A Heat Diffusion Method for Mining Web Graphs for Recommendations Using Recommendation Algorithm

DOI : 10.17577/IJERTV2IS80416

Download Full-Text PDF Cite this Publication

Text Only Version

A Heat Diffusion Method for Mining Web Graphs for Recommendations Using Recommendation Algorithm

S. Aarthi 1 and Mr. S. Sampath 2

1 2

M.Phil Research Scholar, Department of Computer Science, Assistant Professor, Department of Computer Science.

P.K.R Arts College for Women, Gobichettipalayam, India.

Abstract

Recommendation techniques have become increasingly essential. The different kinds of recommendations are made on the Web workaday, including images, music, books recommendations, query suggestions, etc. This paper, providing a common framework on mining Web graphs for recommendations using heat diffusion method, first propose a Recommendation algorithm the algorithm aggregates items from these similar customers eliminates items the user has already rated, and recommends the remaining items to the user. Which propagates similarities between different recommendations like image recommendation, the proposed algorithm can be utilized in many recommendation tasks on the World Wide Web, including image recommendations, etc. The observational Analysis on huge datasets shows the promising future of our work.

Index Terms Recommendation, query suggestion, image recommendation.

  1. INTRODUCTION

    Web information, is to organize and utilize the information effectively and efficiently has become more and more critical. This is especially important for Web related applications since user-generated information is more freestyle and more useful information from these data sources. In order to satisfy the information needs of Web users and improve the user experience in many Web applications [10]. Collaborative Filtering is a technique that automatically predicts the interest of an active user by collecting rating information, from other items.
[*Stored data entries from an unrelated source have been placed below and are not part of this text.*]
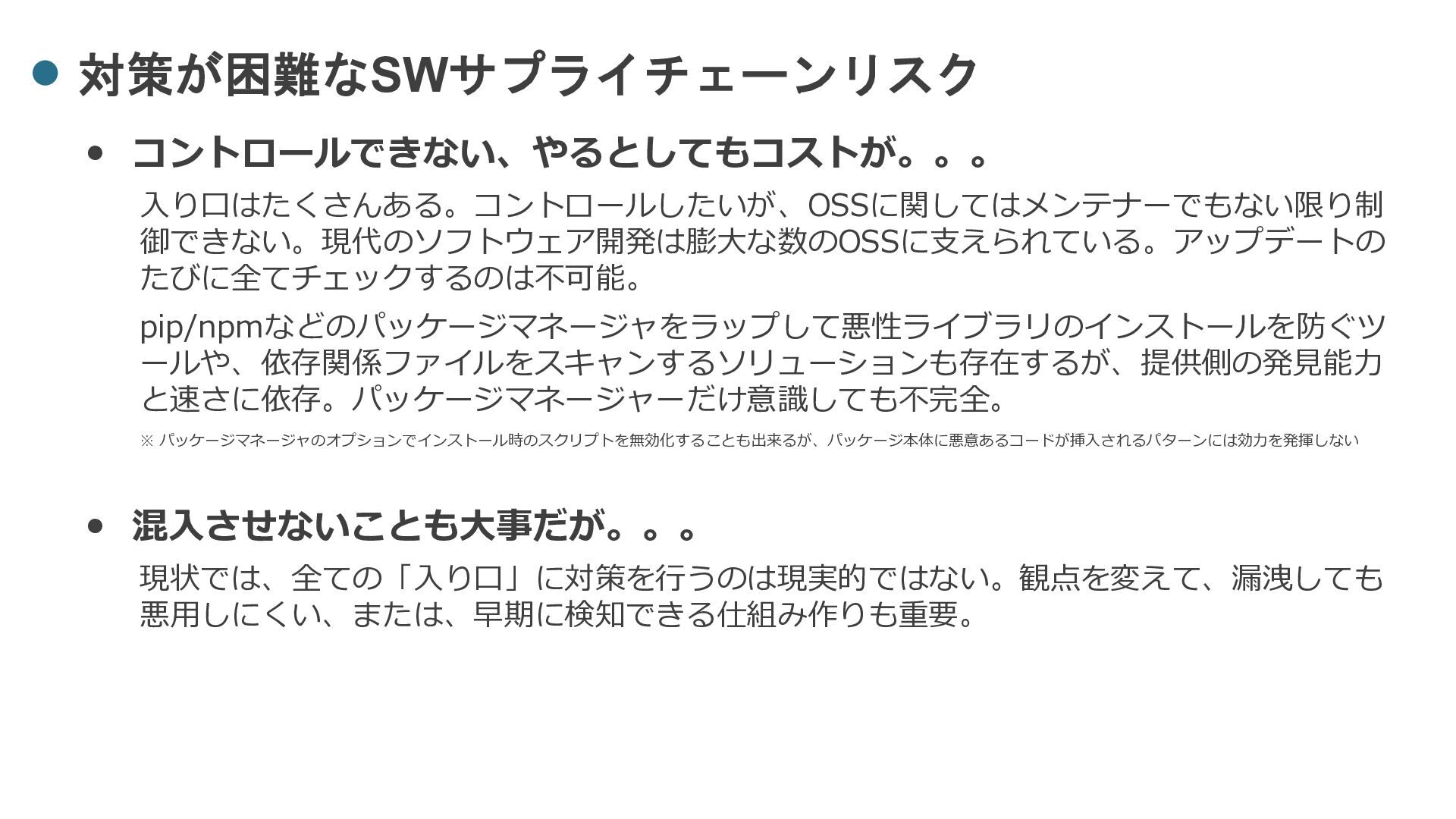 ※ パッケージマネージャのオプションでインストール時のスクリプトを無効化することも出来るが、パッケージ本体に悪意あるコードが挿入されるパターンには効力を発揮しない • 混入させないことも大事だが。。。 現状では、全ての「入り口」に対策を行うのは現実的ではない。観点を変えて、漏洩しても 悪用しにくい、または、早期に検知できる仕組み作りも重要。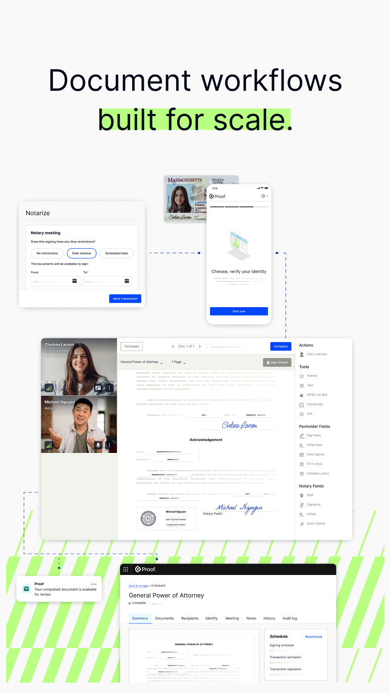 Proof.com is a digital identity and e-signature platform that enables businesses to securely verify identities and execute legally binding documents online. Trusted by enterprises across real estate, legal, and financial services, Proof combines notarization, identity verification, and document automation into a seamless workflow, helping organizations reduce fraud, accelerate transactions, and improve compliance in a digital-first world.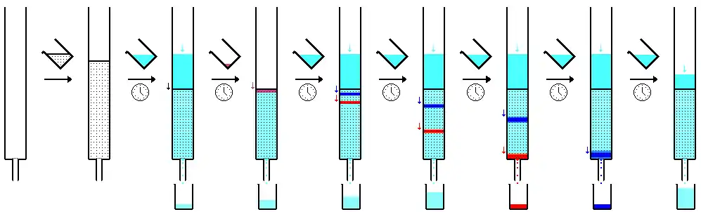 Column chromatography is a separation technique in which the stationary bed is within a tube. The particles of the solid stationary phase or the support coated with a liquid stationary phase may fill the whole inside volume of the tube (packed column) or be concentrated on or along the inside tube wall leaving an open, unrestricted path for the mobile phase in the middle part of the tube (open tubular column). Differences in rates of movement through the medium are calculated to different retention times of the sample.[13][14] In 1978, W. Clark Still introduced a modified version of column chromatography called flash column chromatography (flash).[15][16] The technique is very similar to the traditional column chromatography, except that the solvent is driven through the column by applying positive pressure. This allowed most separations to be performed in less than 20 minutes, with improved separations compared to the old method. Modern flash chromatography systems are sold as pre-packed plastic cartridges, and the solvent is pumped through the cartridge. Systems may also be linked with detectors and fraction collectors providing automation. The introduction of gradient pumps resulted in quicker separations and less solvent usage.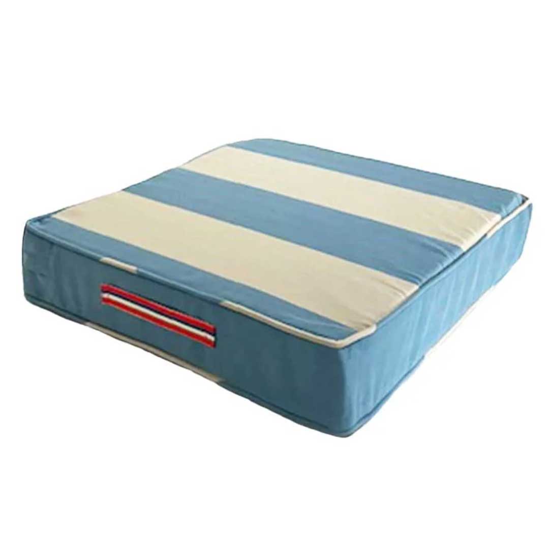 So many armchairs (or garden chairs) become too low for comfort. This 50cm x 50cm booster is designed to raise the seat by 10cm and give the chair new life. It is large and firm and can be put either above or below your existing armchair cushion. It makes an enormous difference! Made from the best quality Putnam’s orthopaedic foam, our bespoke cushions are upholstered in a practical heavy duty cotton. The piped covers, with a contrasting striped, grosgrain handle, are removable and easy to wash.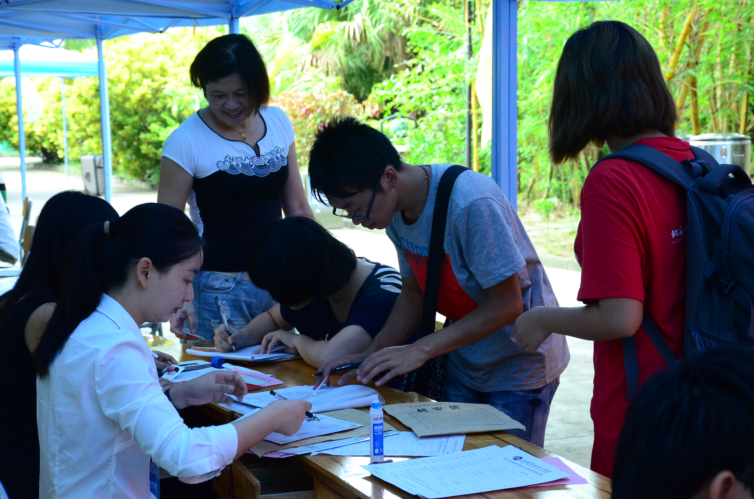 迎新工作进行得如火如荼,新生咨询处、报到处、缴费处、军训服装领取处、家长休息区,到处都是忙碌的身影。“学妹,你好,你是自己来的吗?不用担心的,学姐可以全程接待你的。” 校园内的志愿者们用热情欢迎新生,用微笑温暖新生,让他们离家求学的心并不孤单。“学长,学姐,你们的热情服务让我感觉很亲切。明年,我们也要像你们一样,为我院迎来更多的学弟,学妹。”一个来自环艺专业的大一新生满脸笑容地说。

The collaborative filtering is that the active User will prefer those items which other similar users prefer [8].

    A general graph recommendation algorithm can solve many recommendation problems on the Web [10] and it is inefficient to design recommendation algorithms for different recommendation tasks. The most of these recommendation problems have some features, where a general framework is needed to recommend the tasks on the Web. The existing methods are refined and require tuning a large number of parameters.

  2. RELATED WORKS

    Recommendation on the web is a general term representing a specific type of information filtering technique that attempts to present information items like queries, movies, books, images, WebPages etc. That is likely of interest to the users. In this section, the review several work related to recommendation, including query suggestion techniques, collaborative filtering, and image recommendation methods.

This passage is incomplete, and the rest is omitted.